# Buy to let property



## 351suzanne (8 Nov 2006)

At the moment we rent out an apartment on a buy to let mortgage. We have not declared the rent as we make a significant loss on it. What are the penalties with regard to this.
We also have a private residence and I'm wondering if we sold the 2 properties in order to purchase a different residence what would the tax implications?

Help I really need to convince my partner to declare this and sort it out.


----------



## miju (8 Nov 2006)

351suzanne said:


> At the moment we rent out an apartment on a buy to let mortgage. We have not declared the rent as we make a significant loss on it.


 
as far as im aware (and i'm sure someone will clarify) if your making a loss there is nothing to declare

not to go off topic but this begs the question, why buy to let if the rent is not covering the mortgage particularly with capital appreciation slowing/falling?

_[Edited by DrMoriarty to fix link. That thread is closed. Please keep this one *on*-topic.]_


----------



## Peadar (8 Nov 2006)

You are only making a loss if your interest payments + expenses are greater than your rent. 

If you have a repayment mortgage you might still be liable for tax and in my opinon the sooner you declare it and get yourself sorted with the revenue the better. Might be no harm to hire an accountant to review your rent and check if your liable or not.  

I think in the next few years they will be having a good look for any owners of second houses to see if they were receiving rent or not. 

Peadar


----------



## DrMoriarty (8 Nov 2006)

The fact that your rental income is less than the mortgage doesn't mean you don't have to declare it. You are paying for a property you've _bought_, after all! See this [broken link removed].
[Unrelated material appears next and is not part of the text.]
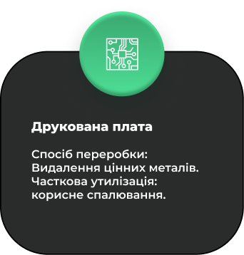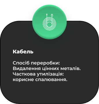 З кабелю та друкованої плати видаляють цінні метали та забезпечують безпечну утилізацію методом корисного спалювання.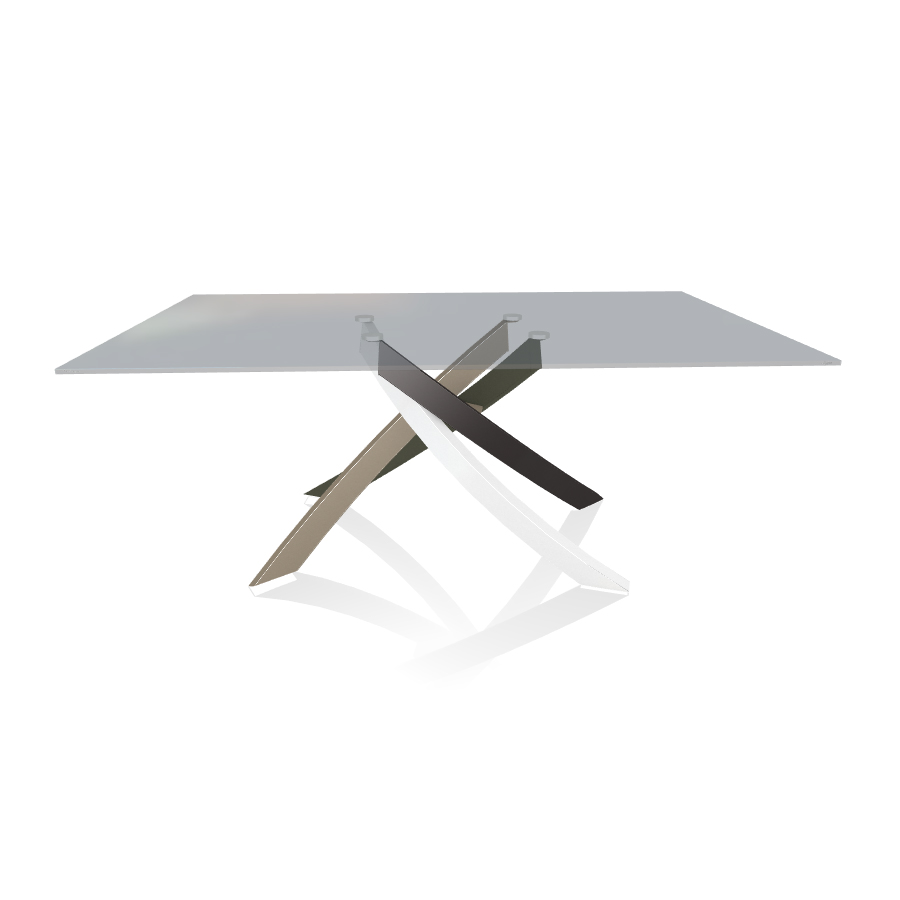 BONTEMPI table avec structure multicolor elegant ARTISTICO 20.00 180x106 cm (Transparent fumé - Plateau en verre et structure en acier laqué multicolor elegant)

_[Edit: Post crossed with Peadar's.]_


----------



## liteweight (8 Nov 2006)

DrMoriarty said:


> The fact that your rental income is less than the mortgage doesn't mean you don't have to declare it. You are paying for a property you've _bought_, after all! See this [broken link removed].



Agree with other posters, you have to make a return whether running at a loss or not. On the plus side the loss can be carried forward and can be offset against any future profit on the property.

Correction: Meant to say 'any future profit on rental income with regard to the property.


----------



## tosullivan (8 Nov 2006)

You should make the return and being able to carry the losses forward indefinitely, will allow you at some stage when you make a profit to use it.  I submitted my tax return yesterday for the first year including rental income and again I posted a loss, so it make no difference to my tax return


----------



## 351suzanne (10 Nov 2006)

Thanks Guys. Now to persuade himself


----------



## tosullivan (10 Nov 2006)

apart from being prosecuted for not filing a return for the rental income, you will also face prosecution for not registering with the PRTB


----------



## Dreamerb (10 Nov 2006)

tosullivan said:


> apart from being prosecuted for not filing a return for the rental income, you will also face prosecution for not registering with the PRTB


 
That's true - but I could wish the PRTB made things easier. You can't register just a key tenant or tenants, you have to take details from each individual tenant (including their PPSNs - I don't know why they even want those, since PRTB has no function in relation to the rent relief for tenants in the tax system), and if you have several adult tenants chances are that one or two are the key tenants and others are more transient; you have to have the tenants physically sign it, which means you can't just submit details and pay online; and if you make anything the PRTB deem an error (even if it's just that they didn't understand your return - perhaps a couple of minors, for whom you don't need to give details, but who you include as numbers because after all children are people too!), they send it back to you to be done again. 

I have very little time for landlords who actively refuse to register, but a cardinal rule for separating people from "their" money is that you should make it easy for them! The PRTB registration set up is all stick (albeit not yet a very forceful stick), and no carrot. I'd love to see a system where the landlord can just take the tenants names as recorded on the lease - key tenants only, any other dispute to be resolved between themselves, but total number of tenants recorded - and submit details online with option to pay either by DD authorisation, or by credit card. That, with a one off amnesty of about a month for current delinquent landlords, and a promise of a serious enforcement campaign as soon as the amnesty finishes, would probably send registrations soaring.


----------



## thewatcher (11 Nov 2006)

351suzanne said:


> At the moment we rent out an apartment on a buy to let mortgage. We have not declared the rent as we make a significant loss on it. What are the penalties with regard to this.


 
Did you pay the investor stamp duty rate when you purchased the apartment ?


----------